Using Parallel's Parlapply: Unable to Access Variables Within Parallel Code

using parallel's parLapply: unable to access variables within parallel code

You need to export those variables to the other R processes in the cluster:

cl <- makeCluster(mc <- getOption("cl.cores", 4))
clusterExport(cl=cl, varlist=c("text.var", "ntv", "gc.rate", "pos"))

R using varibales in parLapply

You have to use clusterExport:

clusterExport(cl = NULL, varlist, envir = .GlobalEnv)
clusterExport assigns the values on the master R process of the variables named in varlist to variables of the same names in the global environment (aka ‘workspace’) of each node. The environment on the master from which variables are exported defaults to the global environment.

In your case:

Druckfaktor <- 1.3      

no_cores <- detectCores()-1
cl <- makeCluster(no_cores)
clusterExport(cl, c("Druckfaktor"))
[...]

Using parLapply in a sourced script results in memory leak

The signature of parLapply(cl, X, FUN, ...) applies FUN to each element of X. The worker needs to know FUN, so this is serialized and sent to the worker.
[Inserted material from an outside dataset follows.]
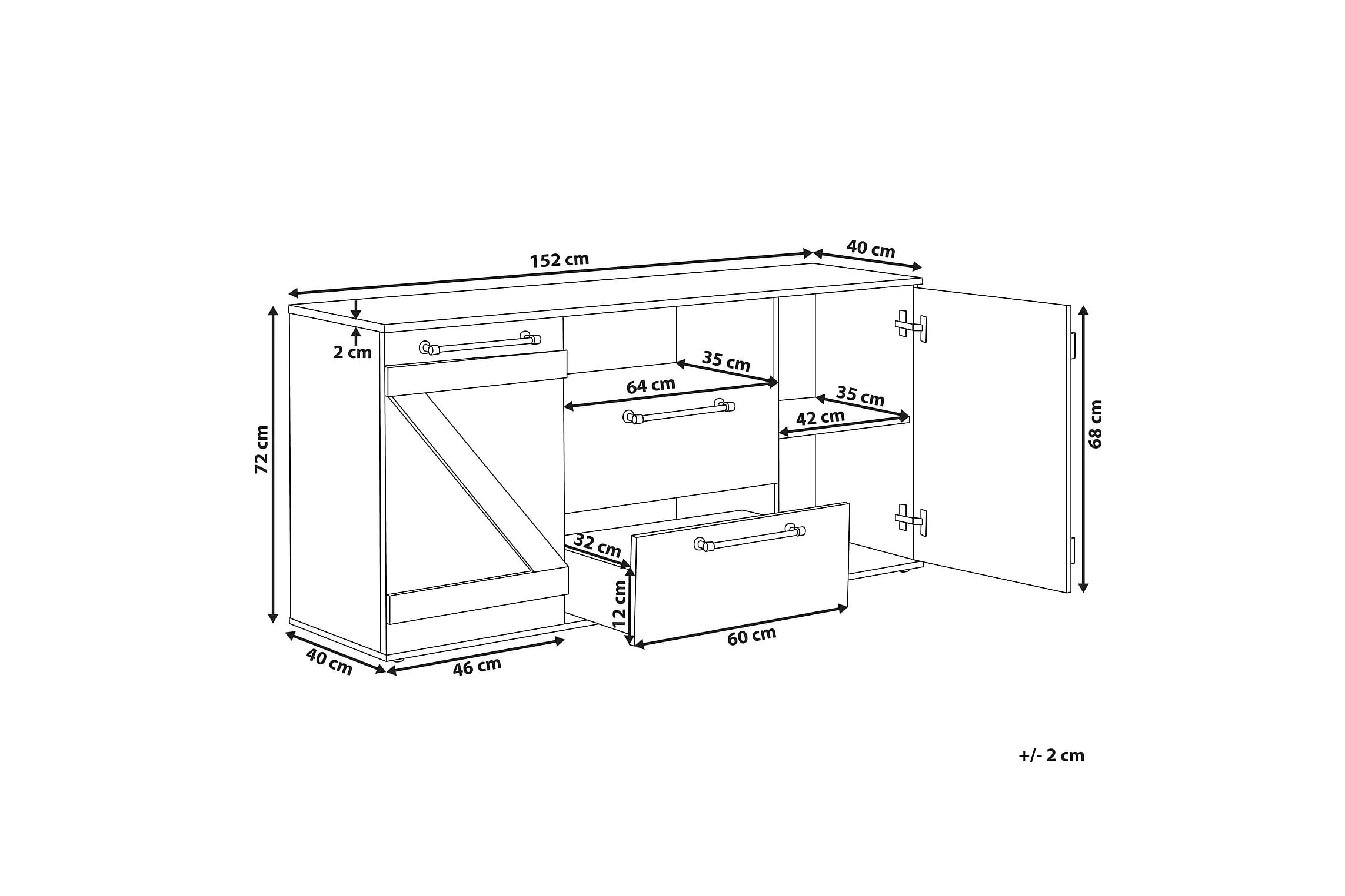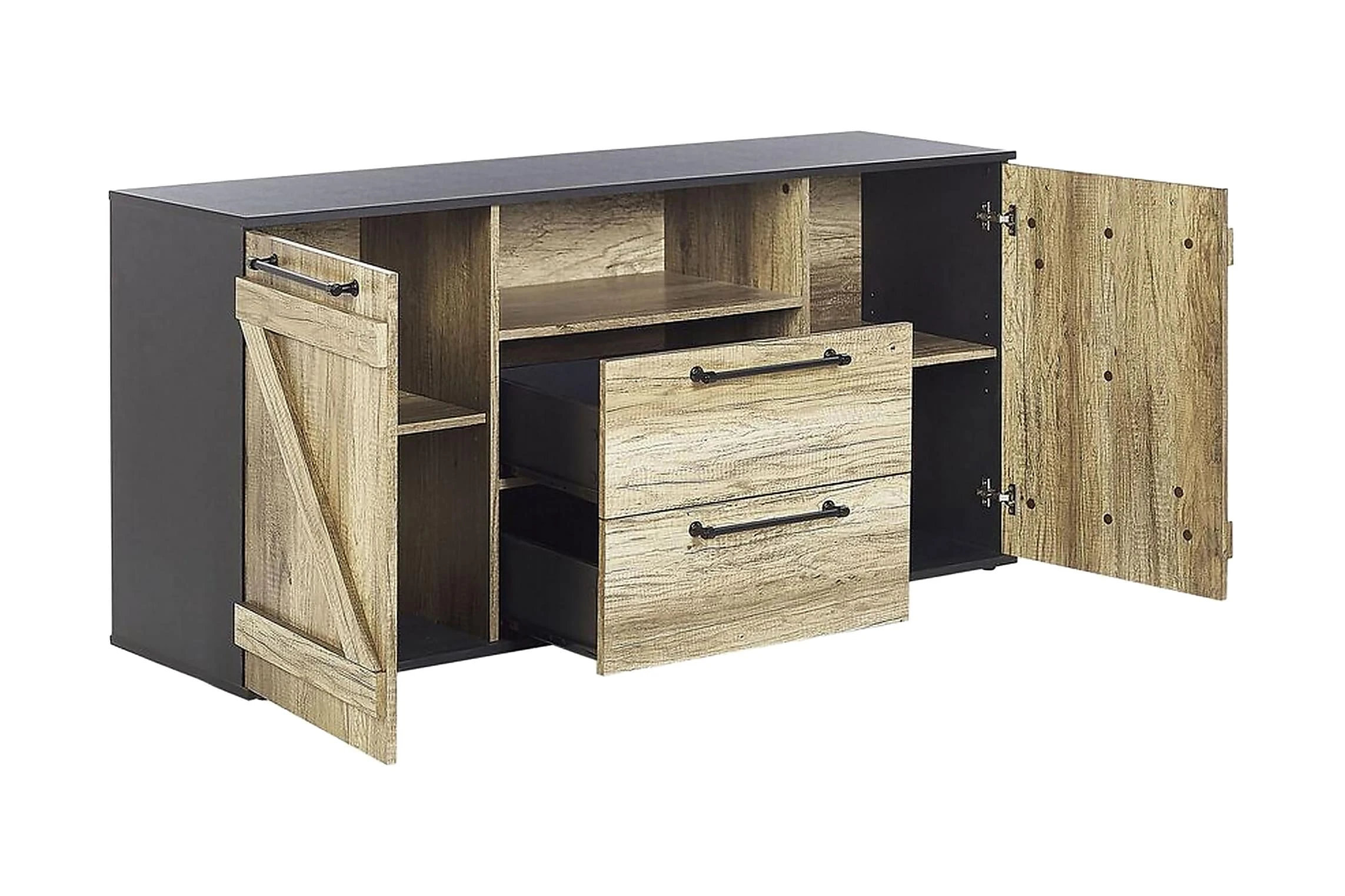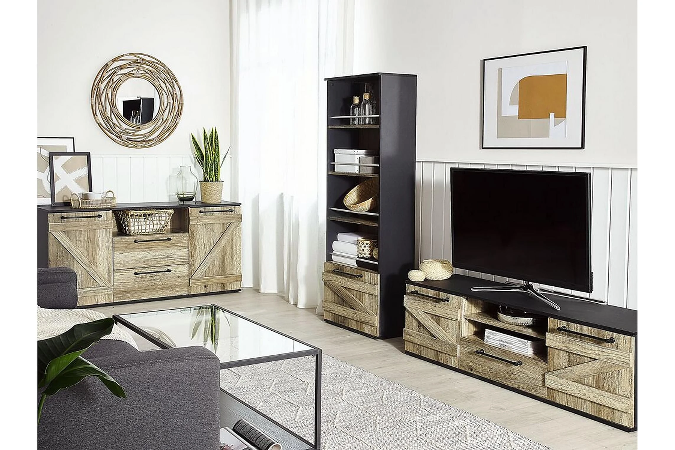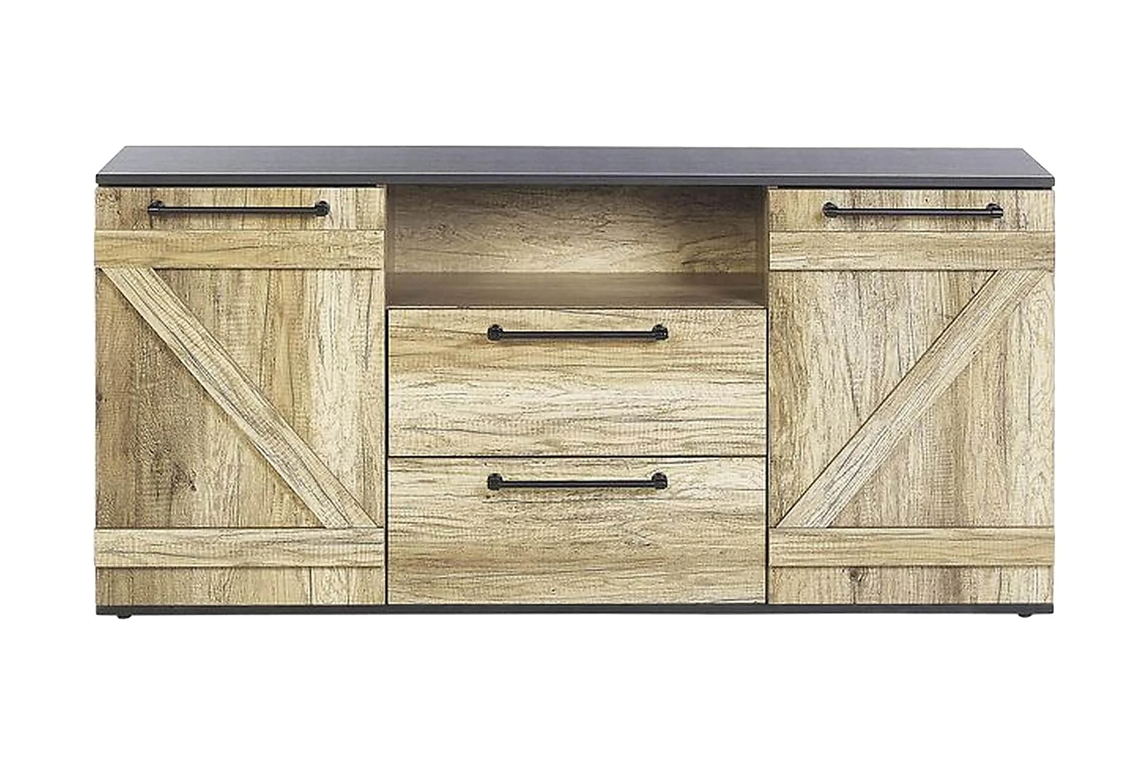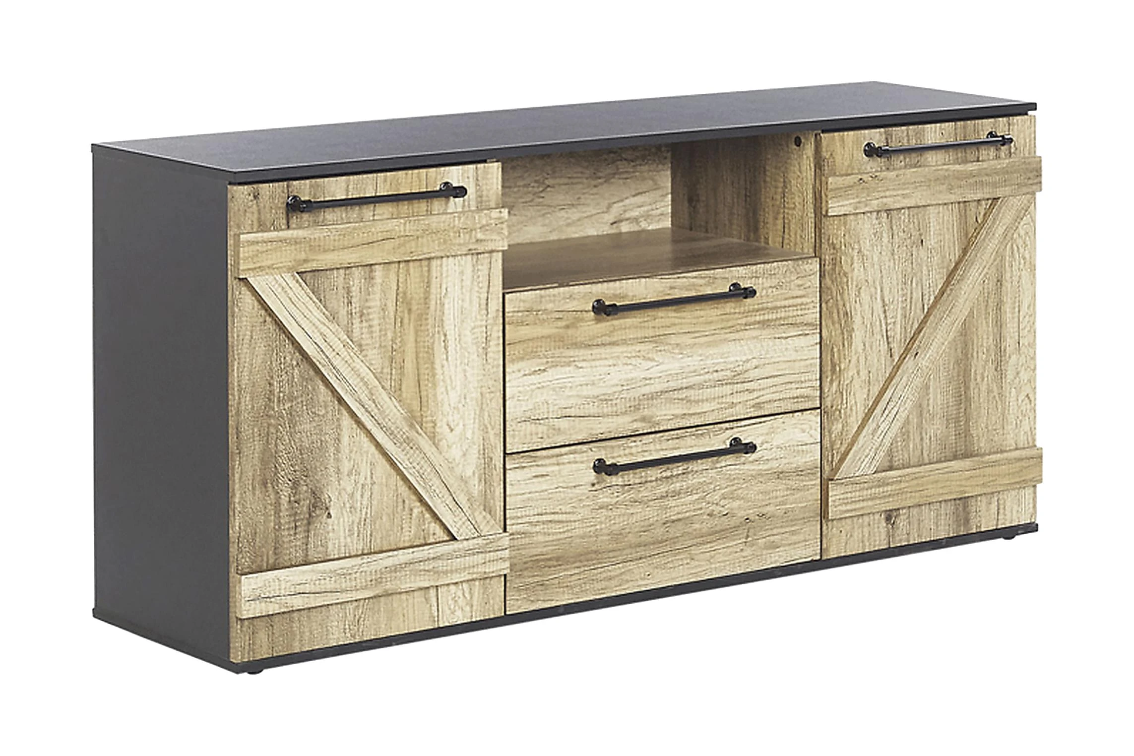 Ordna ditt vardagsrum i en fantastisk stil. Denna skänk är en mycket funktionell bit med sina rymliga skåp och två lådor. Kombinationen av ljus träfärg med en korneffekt och det klassiska svarta gör interiören ännu mer elegant. Tvärstängerna på skåpens dörrar framkallar utseendet på de råa, gamla stilmöblerna. Material: spånskiva. Ytterligare material: metall. Vikt: 50 Montering: Fullständig montering krävs Produktfördelar: Hög hållbarhet, Perfekt utformade detaljer, Modern design, Perfekt för industriella interiörer, Gott lagringsutrymme

What is an R function? It's the code that defines the function, and the environment in which the function was defined. Why the environment? because in R it's legal to reference variables defined outside of FUN, e.g.,

f = function(y) x + y
x = 1; f(1)
## [1] 2

As a second complexity, R allows the function to update variables outside the function

f = function(y) { x <<- x + 1; x + y }
x = 1; f(1)
## [1] 3

In the above, we can imagine that we could figure out which parts of the environment of f() need to be seen (only the variable x), but in general this kind of analysis is not possible without actually evaluating the function, e.g., f = function(y, name) get(name) + y; x = 1; f(1, "x")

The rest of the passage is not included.